A real estate company that has a dataset containing the prices of properties in the Delhi region. It wishes to use the data to optimise the sale prices


This company specifically considering area of the property and prefered area to choose
However, they are open to the possibility that other variables may also affect the price of a home

The data source that I'm using in this Analysis is from Kaggle : [Housing Price Prediction](https://www.kaggle.com/code/ashydv/housing-price-prediction-linear-regression)




#Data Overview

In [None]:
from google.colab import drive
drive.mount('/content/drive')

In [None]:
#Import library

#Load data
import pandas as pd
import numpy as np

#Visualization
import matplotlib.pyplot as plt
import seaborn as sns

#Modelling
import statsmodels.formula.api as smf

#Statistics
import scipy.stats as stats

In [None]:
housing = pd.read_csv("/content/drive/MyDrive/Pacmann/Project/Python Project/Linear Regression Project - Housing.csv")
housing.head(10)

In [None]:
#Get the information of rows & columns
housing.shape

- The data consists of 545 rows & 13 columns



In [None]:
#Get the datatype in each columns
housing.info()

- From the info above, some data are considered as object. However, those data are stored in a categorical format. Therefore I would like to encode those data to numerical value in order to be processed

In [None]:
#Checking the number of unique object in each variables
x = ["mainroad","guestroom", "basement", "hotwaterheating", "airconditioning", "prefarea","furnishingstatus"]

for column in x:
  unique_values = housing[column].unique()
  print(f"Unique values in '{column}':{unique_values}")

In [None]:
#Label encoding categorical data to numerical value
housing['mainroad'] = housing['mainroad'].map({'yes':1, 'no':0})
housing['guestroom'] = housing['guestroom'].map({'yes':1, 'no':0})
housing['basement'] = housing['basement'].map({'yes':1, 'no':0})
housing['hotwaterheating'] = housing['hotwaterheating'].map({'yes':1, 'no':0})
housing['airconditioning'] = housing['airconditioning'].map({'yes':1, 'no':0})
housing['prefarea'] = housing['prefarea'].map({'yes':1, 'no':0})
housing['furnishingstatus'] = housing['furnishingstatus'].map({'unfurnished':1, 'semi-furnished':2, 'furnished':3})

In [None]:
#Re-checking the data information
housing.info()

- all of the string datatype variables have turned into int64

In [None]:
#Missing Value
missing_value = housing.isnull().sum()
print(missing_value)

In [None]:
#Outlier checking for numerical data
fig, axs = plt.subplots(2, 3, figsize = (10,6))

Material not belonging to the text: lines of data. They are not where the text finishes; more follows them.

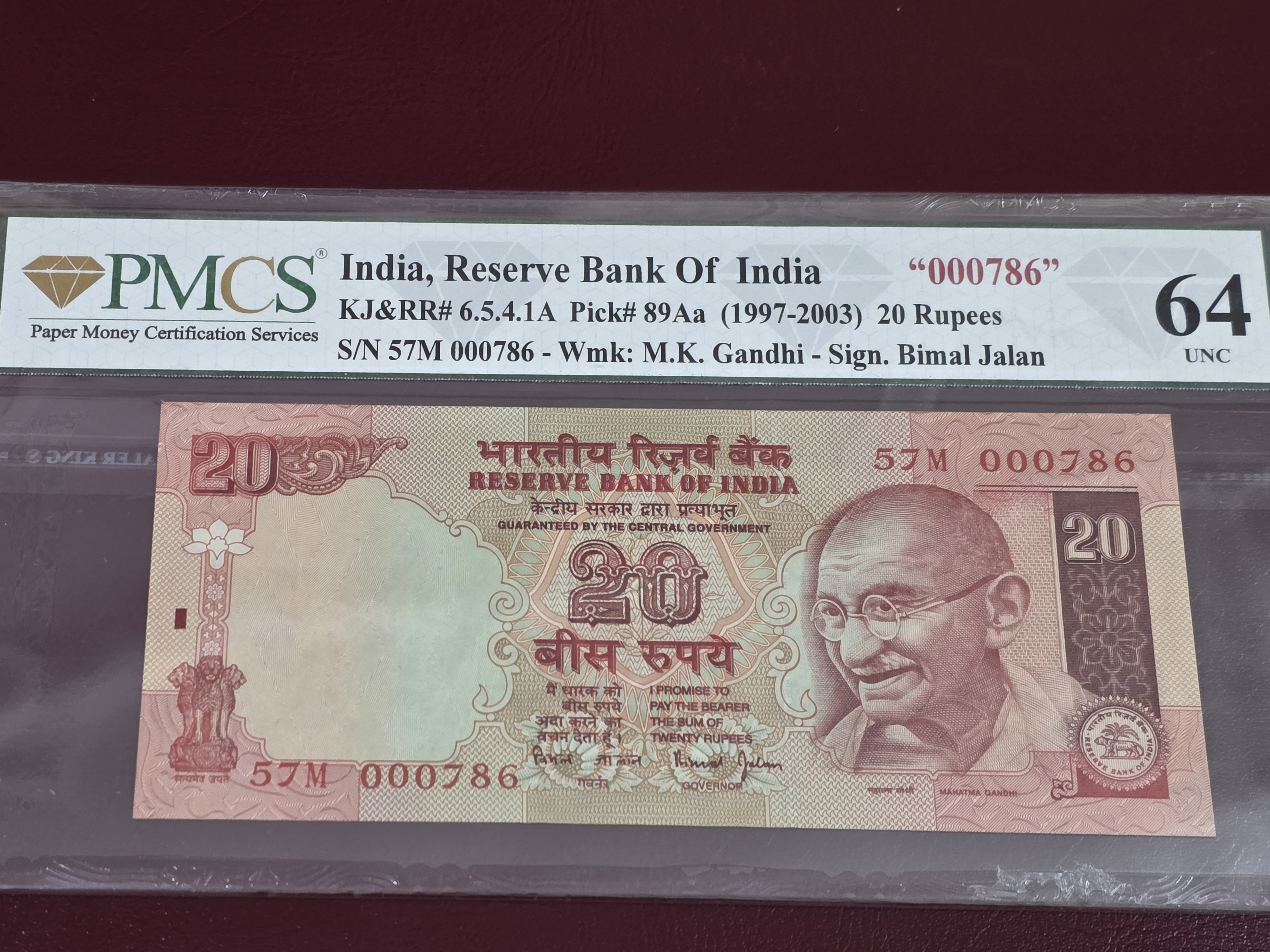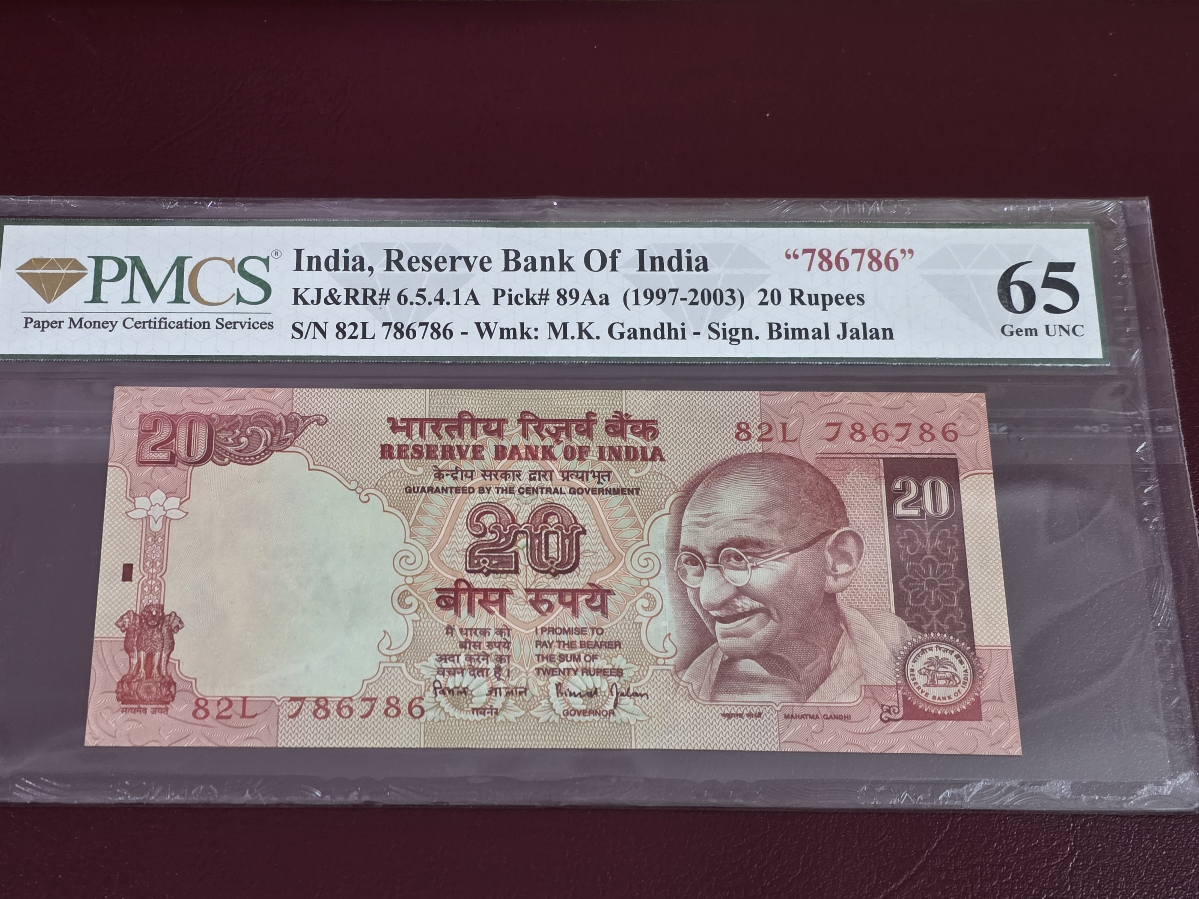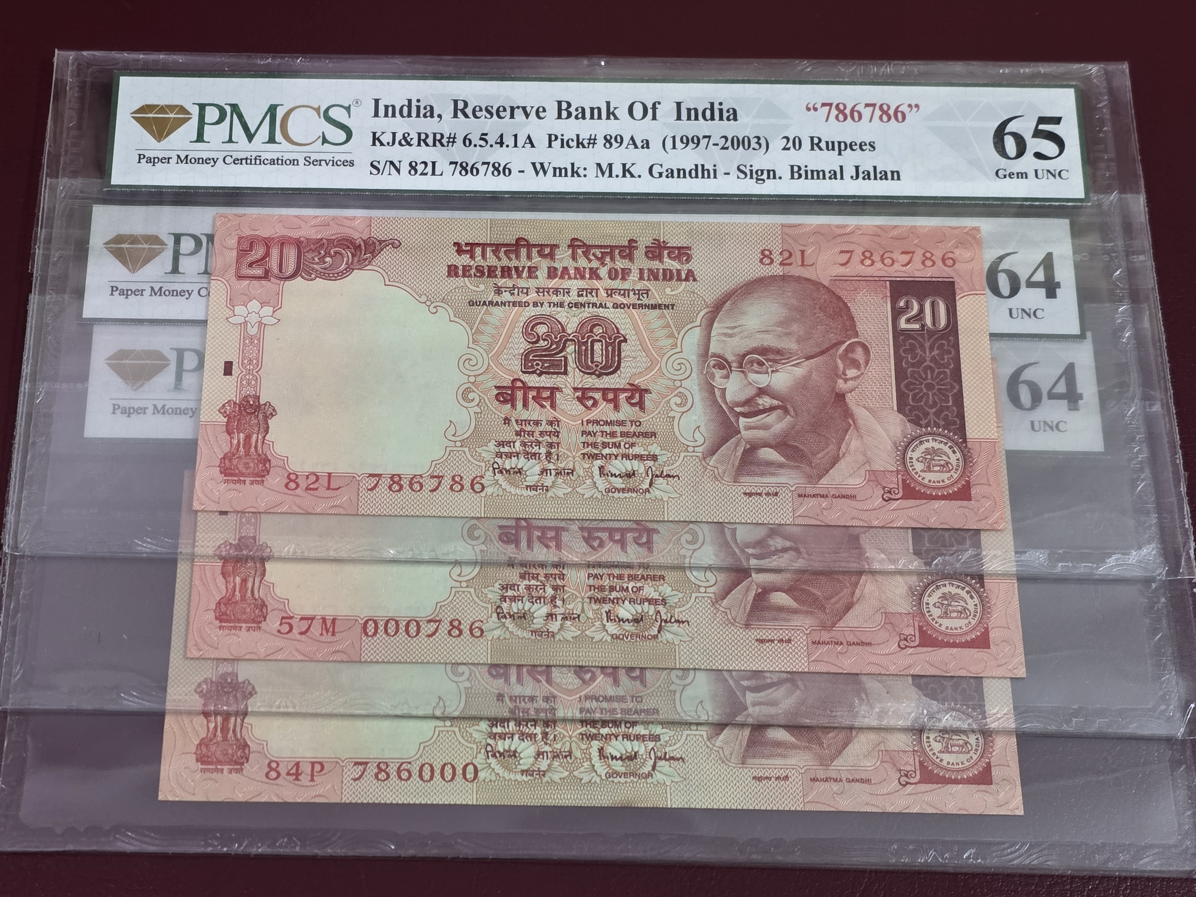 20rs 3 notes set 786000, 000786, 786786 signed by Bimal. Scarce issue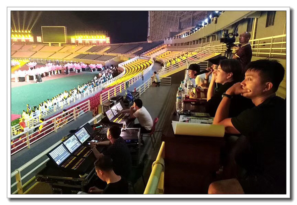 省運會開幕式第二篇章《幸福家園》,昨晚八點在周口體育場對光排練,直至凌晨兩點結束。葛英 攝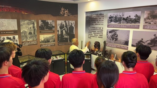清晨的阳光洒在纪念馆门前的纪念碑上,志愿实践队的队员们身着统一队服,怀着无比崇敬的心情整齐列队。在讲解员的引领下,大家有序步入馆内,仿佛瞬间穿越到了那个战火纷飞的年代。馆内陈列的每一件物品都承载着厚重的历史:泛黄的战地日记里,字迹虽已模糊却透着不屈的信念;锈迹斑斑的步枪和手榴弹上,仍能显现出当年激战的硝烟;一张张黑白照片中,革命先烈们坚毅的眼神穿越时空,诉说着为民族解放而战的决绝。讲解员的声音低沉而有力,从徐万梁村战斗的背景起因,到战士们以少胜多的英勇战术,再到村民们冒死支援前线的动人故事,每一个细节都深深牵动着队员们的心。大家屏息凝神,目光在展品上久久停留,有人悄悄拿出笔记本记录,有人对着先烈照片默默致敬,空气中弥漫着庄严肃穆的气息。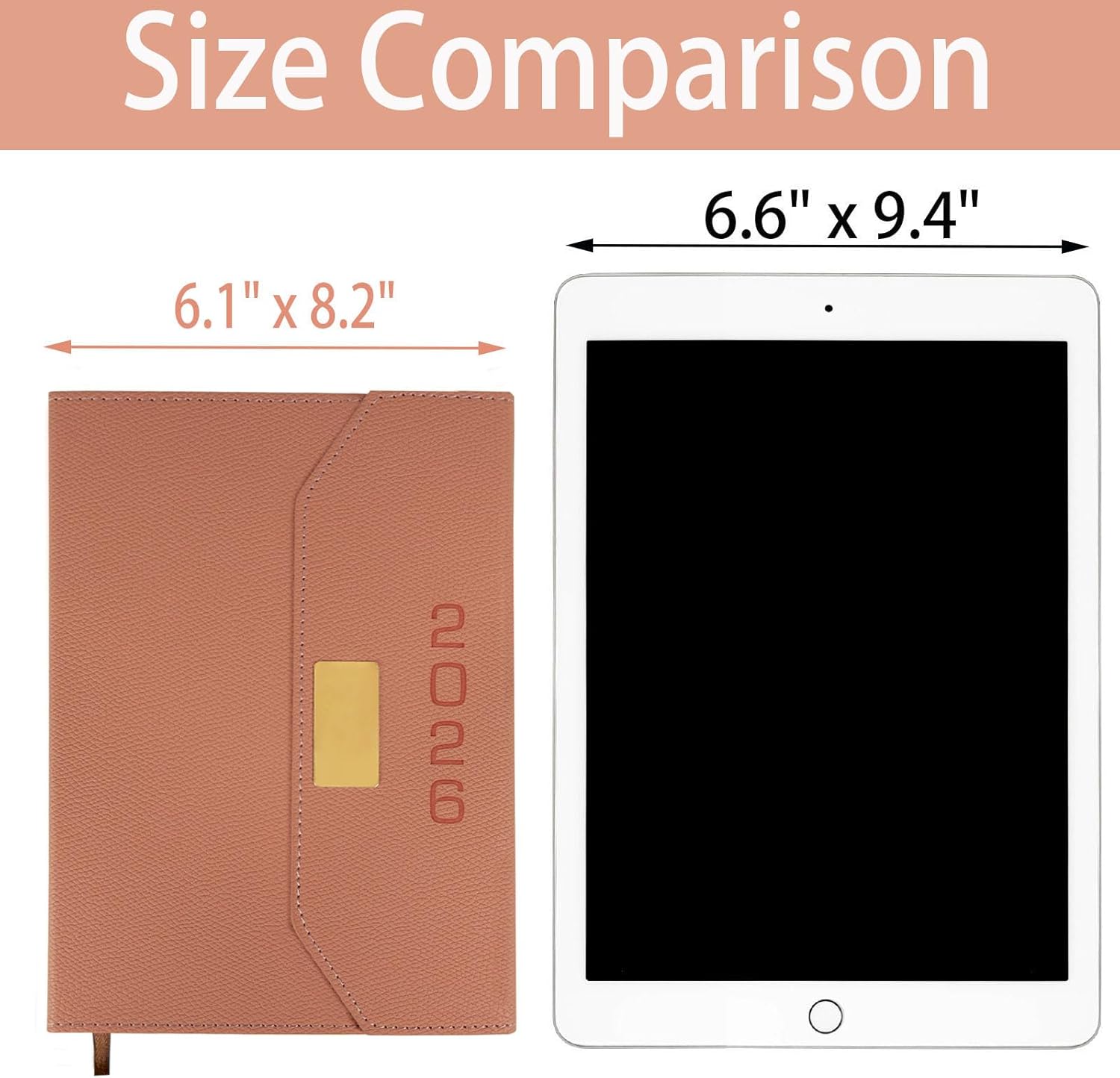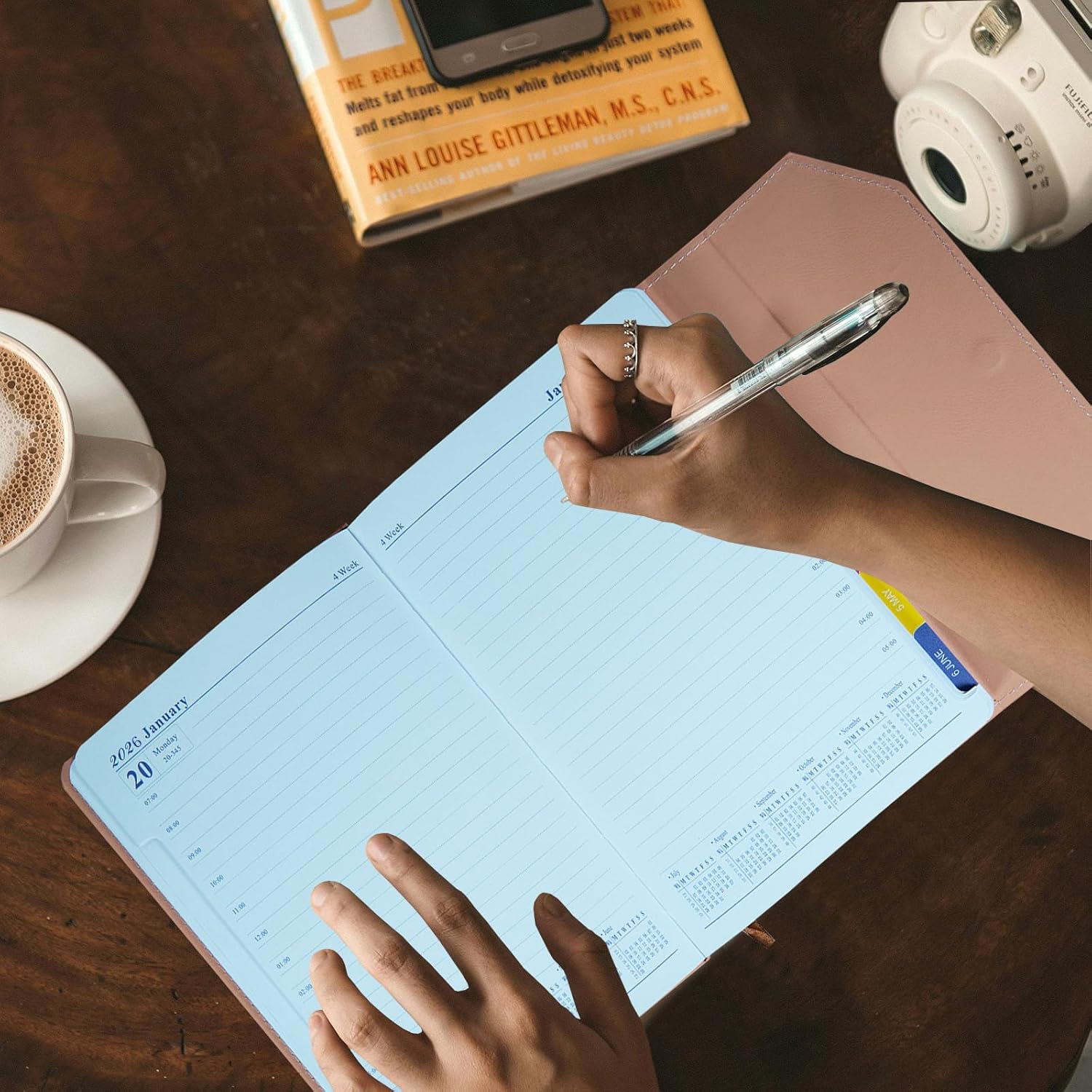 2026 Daily Monthly Planner - Calendar, January - December 2026, 100GSM Thick Paper, Leather Cover, Planner with Hourly Schedule,6.1" x 8.2", Daily Inside Page - Monthly Inside Page, Pen Holder, Bookmarks (Pink)

sns.boxplot(housing['price'], ax=axs[0, 0]).set_title('Price')
sns.boxplot(housing['area'], ax=axs[0, 1]).set_title('Area')
sns.boxplot(housing['bedrooms'], ax=axs[0, 2]).set_title('Bedrooms')
sns.boxplot(housing['bathrooms'], ax=axs[1, 0]).set_title('Bathrooms')
sns.boxplot(housing['stories'], ax=axs[1, 1]).set_title('Stories')
sns.boxplot(housing['parking'], ax=axs[1, 2]).set_title('Parking')

plt.tight_layout()
plt.show()

- Quite a large amount of outlier in 'Price' and 'Area' metrics
- However, other metrics have the potential of outliers due to each house property diversities, which make sense
- Next, I'd like to cut off the outliers of 'Price' & 'Area' from the data

In [None]:
#Cutting off Price column's outlier
Q1 = housing['price'].quantile(0.25)
Q3 = housing['price'].quantile(0.75)
IQR = Q3-Q1
lower_bound = Q1 - 1.5 * IQR
upper_bound = Q3 + 1.5 * IQR
#housing = housing[(housing['price']>= lower_bound) & (housing['price']<= upper_bound)]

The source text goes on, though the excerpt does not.